You can build one fairly easily with an overhead rod and several pieces of 1/4" thick metal plate machined with an angle. These 1/4" plate pieces then need a hole drilled in each. Slide a plate onto the rod, then a flat washer, followed by another plate and washer. Continue this until the rod is filled. The rod can then be mounted to an upriser and connected to the frame of the machine or to the fence. You can also purchase anti-kickback units. OSHA's regulation also gives you the option of having independent rollers for each piece that is run. On a moulder, an anti-kickback is usually easier.

From contributor P:
If your lumber is thick enough, you can run your saw blades almost all the way through, leave about 1/32, then sand or plane that 32nd off. Hope that can solve your problem.

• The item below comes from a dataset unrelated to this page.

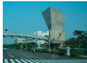
Pri budovaní vedecko-technologických parkov máme vzory v zahraničí (Taiwan).

Je všeobecne známe, že dôsledkom hazardu je nárast na hazarde závislých a sociálne odkázaných ľudí, ktorí predstavujú bremeno pre vlastnú rodinu a celú komunitu, či obec. Ideálnym by bol úplný zákaz hazardu, prijateľným riešením, ktoré poznáme v zahraničí (napr. v Rakúsku je len pár veľkých štátom povolených herní, kde majú zakázaný prístup sociálne odkázaní ľudia). To, čo Petržalka i Bratislava skutočne potrebujú, nie je hazard, ale podpora zdravého podnikateľského prostredia, kultúrno-kreatívneho priemyslu (dizajnéri, IT, biotechnológie a biomedicína a nové materiály – nanotechnológie), vytváranie priaznivých podmienok pre investorov a podpora vzdelávania k získaniu citu pre podporu lokálnych produktov.

From the original questioner:
Thank you for your help. Are these kickback attachments available commercially, or are they a custom built item? Safety issues aside, can you get a nice quality cut with a saw blade on a moulder? Would it be anywhere near comparable to that of a gang rip saw?

From Dave Rankin, forum technical advisor:
Anti-kickbacks can be purchased. They are relatively expensive. Most smaller shops have a local machine shop make something. You can get a good finish with the proper saw blade.

1. The fences must be aligned correctly.
2. The spindles must be parallel to the tables of the machine.
3. The pressure shoe on the top spindle must be parallel to the tables and in good working order.
4. The work piece must be in total control at all times.
5. I recommend the use of a special type of saw blade, a groover type. Specified for the job, fpm, type of material, etc.
6. Use an anti-kickback.

From contributor J:
You will still have saw marks on the edge. There are many places to buy quality blades. Some are better than others. I would bet the little saw blades on the moulder would give a much better finish cut than a gang rip.

From the original questioner:
I wasn't sure, but I thought that since the blade is a much smaller diameter, the cut would be a little better since there is less chance of deflection. I was also considering using a stiffening plate on either side of the blade.

Dave, should the anti-kickback be mounted before the blade or after the blade? On my moulder it would be relatively simple to mount kickback fingers on the infeed side of the top head since there are already pre-tapped holes there.

Thanks for all your help. I look forward to trying this out.

From contributor R:
Every time I have mounted these on a moulder, it has been installed on the infeed table before the first bottom head. That way, the operator is protected at the infeed station. If you mount it someplace else, you have to be concerned about the feedbeam and rollers. There is limited room on your moulder.

From contributor R:
Just a few more ideas for you. Most quality anti-kickback devices made for a moulder have an arm to lift up the fingers of the device. This is used if you have to move the feed system in reverse after the machine has come to a stop. If you don't have this and you move the feed system backwards while stopped, you will do damage to your machine and throw precise settings off, such as infeed tables and fences.